● Task instructions: Set down, please, exactly the lines below that run from the line with "Imágenes grabadas con" to the line with "Sticker Carré Rough", both lines included.

Recorded information START

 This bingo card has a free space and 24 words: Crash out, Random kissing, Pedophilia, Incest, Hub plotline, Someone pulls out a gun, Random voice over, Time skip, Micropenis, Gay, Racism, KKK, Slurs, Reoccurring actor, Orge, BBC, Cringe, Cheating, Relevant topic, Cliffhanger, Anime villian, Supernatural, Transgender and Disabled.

Recorded information END
Recorded information START

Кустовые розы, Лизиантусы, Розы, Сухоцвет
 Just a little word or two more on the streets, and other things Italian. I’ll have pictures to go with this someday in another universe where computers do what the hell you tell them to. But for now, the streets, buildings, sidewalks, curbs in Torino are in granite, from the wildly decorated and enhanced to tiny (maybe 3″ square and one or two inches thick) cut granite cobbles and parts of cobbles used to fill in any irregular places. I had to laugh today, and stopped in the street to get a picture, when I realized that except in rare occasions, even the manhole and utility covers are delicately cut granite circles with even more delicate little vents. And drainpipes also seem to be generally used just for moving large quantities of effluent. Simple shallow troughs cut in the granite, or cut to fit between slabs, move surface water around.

Recorded information END
Recorded information START

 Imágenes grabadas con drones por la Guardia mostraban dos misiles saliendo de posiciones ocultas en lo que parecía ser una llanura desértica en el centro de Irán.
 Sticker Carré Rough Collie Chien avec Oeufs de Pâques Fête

Recorded information END

● Solution for this problem:
 Imágenes grabadas con drones por la Guardia mostraban dos misiles saliendo de posiciones ocultas en lo que parecía ser una llanura desértica en el centro de Irán.
 Sticker Carré Rough Collie Chien avec Oeufs de Pâques Fête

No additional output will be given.